ChIP experiments were performed as previously described. After cells were cultured with M-CSF and RANKL, cells were fixed with 1% formaldehyde (Thermo Scientific) for 5 mins. 0.125 mol/L glycine was added for quenching the formaldehyde residues. Next, cells were lysed/washed and sonicated sequentially using LB1, LB2, and LB3 (LB1, 50 mmol/L HEPES-KOH, pH 7.5, 140 mmol/L NaCl, 1 mmol/L EDTA, 10% glycerol, 0.5% NP-40 and 0.25% Triton X-100; LB2, 10 mmol/L Tris-HCl, pH 8.0, 200 mmol/L NaCl, 1 mmol/L EDTA and 0.5 mmol/L EGTA; LB3, 10 mmol/L Tris-HCl, pH 8.0, 100 mmol/L NaCl, 1 mmol/L EDTA, 0.5 mmol/L EGTA, 0.1% sodium deoxycholate and 0.5% N-lauroylsarcosine). Nuclear lysates were sonicated with Bioruptor using a cycle with 30 s on 30 s off on a high-power output for 8 cycles. The sonicated samples were centrifuged at 20 000 × g for 15 min at 4 °C. Supernatants were collected and 5% of supernatants were saved as input and DNA analysis and the rest was incubated overnight with 5 µg of anti-FLAG M2 antibody at 4 °C (Sigma Aldrich) on a rotator. After overnight incubation, the magnetic beads were washed in ice-cold condition as follow (once in low salt buffer, 150 mmol/L NaCl, 0.5% Na deoxycholate, 0.1% SDS, 1% Nonidet P-40, 1 mmol/L EDTA pH 8.0, 50 mmol/L Tris HCl pH 8.0; once in high salt buffer, 500 mmol/L NaCl, 0.5% Na deoxycholate, 0.1% SDS, 1% Nonidet P-40, 1 mmol/L EDTA pH 8.0, 50 mmol/L Tris HCl pH 8.0; once in LiCl wash buffer, 100 mmol/L LiCl, 0.5% Na deoxycholate, 0.1% SDS, 1% Nonidet P-40, 1 mmol/L EDTA pH 8.0, 50 mmol/L Tris HCl pH 8.0; once in TE wash buffer, 10 mmol/L Tris-HCl pH 8.0, 1 mmol/L EDTA, 50 mmol/L NaCl). Then, DNA was eluted with elution buffer (50 mmol/L Tris-HCl pH 8.0, 10 mmol/L EDTA, 1% SDS) with added 0.3 mol/L NaCl and incubated for overnight at 65°C. Next day, the samples were incubated with Rnase for an hour at 37 °C followed by Proteinase K incubation for 2 h at 55 °C. Then, the DNA was purified with PCR purification kit (Qiagen) and subjected for quantitative Real-Time PCR assays.

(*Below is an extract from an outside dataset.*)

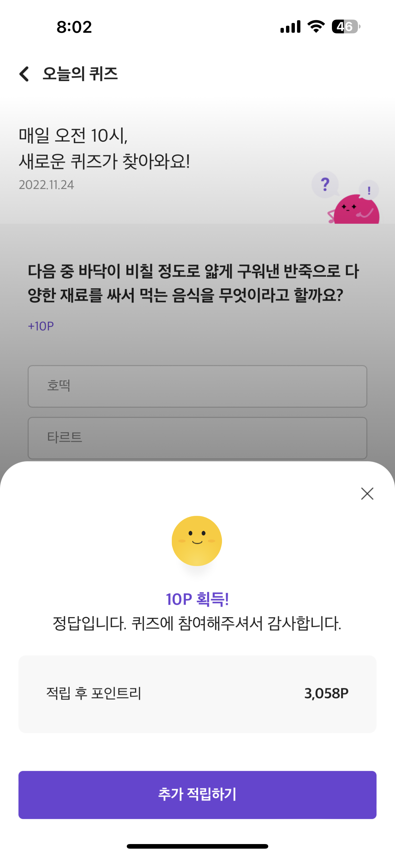 리브메이트 오늘의 퀴즈 11월 24일 정답 ( 다음 중 바닥이 비칠 정도로 얇게 구워낸 반죽으로 다양한 재료를 싸서 먹는 음식 )

Pathway analysis using GSEA

Gene set enrichment analysis (GSEA) is used for analyzing the differentially expressed genes.49 Hallmark gene sets in MSigDB (molecular signature data base) were used for the analysis. Pathways were ranked based on P values.

Statistics

Data are presented as the mean ± SD of biological replicates. Animals for each experiment were randomly selected for further treatments. An unpaired two-tailed Student’s t test was used to assess differences between two groups. One-way or two-way analysis of variance with post hoc Bonferroni or Tukey’s test was used for analyses of multiple groups. All statistical tests were performed using GraphPad Prism 8 (GraphPad Software). A P value of less than 0.05 was considered statistically significant.

Study approval

Animal experiments were performed in compliance with ethical regulations and approved by the Hospital for Special Surgery and Weill Cornell Medical College Institutional Animal Care and Use Committee (IACUC #2015-0065). The protocol for human osteoclast differentiation assay was approved by the Hospital for Special Surgery Institutional Review Board (IRB #2019-0681).